Sunday Singalong: Deborah Conway

Deborah Conway has been putting feminism in her songs since back when she was the lead singer in the Australian band, Do Re Mi in the 1980s. Remember lyrics like this in Man Overboard?

I’m sick and tired of this position
Hatched underneath an arm
Your crutch under stress
Your rudder when it’s calm
I’m bored of staring at the ceiling
While you point out my flaws
I’ve watched the wallpaper peeling from slamming doors

You talk about penis envy
Your friends applaud
What am I expected to do?
Shout man overboard?

That was a big deal back then. The song made its way up the Australian charts in 1985 with almost no commercial airplay and people were a little aghast to find themselves listening to a song about some ex-boyfriend pontificating about ‘penis envy’. It also contained a lyric about pubic hair and absolutely no chorus. Her biggest hit was the love song, It’s Only the Beginning but Conway has always much preferred writing songs about the darker aspects of relationships. Conway has had musical influences across her career as varied as punk rock, trip-hop and Patsy Cline. Conway has never been afraid to live her feminism out loud, from her early days as a model with under-arm hair to her later days as a working mother:

What are some of the reactions you’re getting from the audience and press at performing in a very pregnant state?

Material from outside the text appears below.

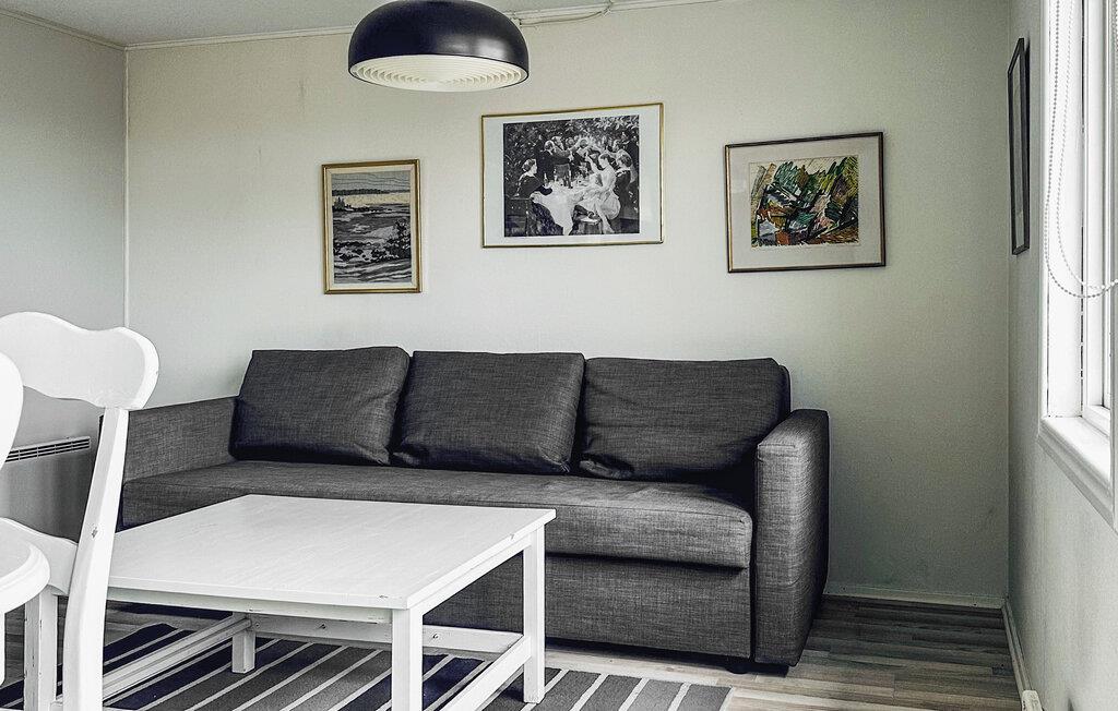 Gå ind i stuen og slå jer ned til rette i den komfortable sofa, mens det bløde lys filtreres gennem vinduerne. Den enkle indretning skaber en behagelig atmosfære. Tag plads ved det store spisebord ved vinduet og brug det til fælles måltider eller et afslappende spil. Tilbered jeres måltider med lethed i det funktionelle køkken. Fjernsynet sørger for underholdning, hvis I ønsker at slappe af om aftenen.

I’ve officially got about six weeks to go, but my gut tells me it’s probably more like four. The first leg of the tour was with a full band and a six-month belly. I frocked up in red sequins with a large heart cut-out over the lump in gold mesh and highlighted with rhinestones. It was a showstopper with a slow reveal as the guitar which I played for the first 5 songs covered the heart completely. I wanted to get Shirley-Bassey-meets-Danny-La-Rue in a postmodern pastiche of glamour and earth mother—alien-style. Anyway, it had the desired effect and audience and critics alike sent up a collective gasp. It is, after all both sexy and funny and I think that came across. There’s also a tendency to see a pregnant woman as something delicate and fragile, so if you’re seen doing anything out of the ordinary, it’s somehow spectacular. Dancing would always get a reaction. In some ways the pregnancy almost overshadowed the album. It became a focus for the straighter press as something they could hook a story on in a country that rarely takes its music seriously enough.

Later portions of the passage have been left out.